Он набрал охапку поленьев, выбрал позицию и сложил боеприпас на краю огорода. Решил абы как не бросать. Прикинул, где спрятался бы сам, будь он кабаном или бесом, и метнул полено в дальний левый угол. Снаряд шлепнулся в заросли, но никто не хрюкнул, не взвизгнул. Второе полено Матвей направил в противоположный угол. И там пусто. Он мысленно разбил огород на квадраты и приступил к методичному поленометанию. Когда боеприпас закончился, он сходил еще за одной охапкой. Обстрел результатов не принес. Точнее, выявил, что кабан в огороде не прячется. Наверняка прокрался кругом, бегом и проскользнул в хлев, пока Матвей огород бомбил. Караул-то у ворот не выставлен. Однако и в хлеве наблюдалось прискорбное отсутствие кабана и, соответственно, бесов. Пропали, как их и не было.

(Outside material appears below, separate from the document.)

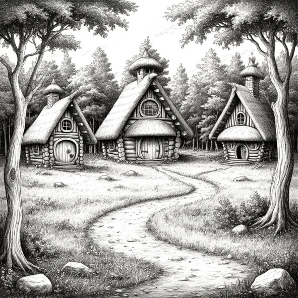 Им показалось, что шли они уже целый час. Деревья стали расступаться, и они вышли на широкую поляну. Там стояло несколько домов. Где-то вдалеке слышалось, как течёт вода. В той стороне стояла красивая резная баня.

Страшное подозрение вновь шевельнулось в голове. Были ли? Может, попросту приснились? Или того хуже – привиделись? Говорил ведь дядька Мирон, пока был жив: «Смотри, Матюха, допьешься до белой горячки». Матвей обижался: «Не пью я вовсе – так, выпиваю. Белочке меня ни в жисть не взять».
Неужто прав был дядька? Неужто взяла?
Однако Матвей не хотел сдаваться. Быть того не может, чтобы белочка. Взять, к примеру, Сашку Балабанова – вот у того была горячка. Бесновался, будто в него самого бесы вселились. А он, Матвей, спокоен, разумен…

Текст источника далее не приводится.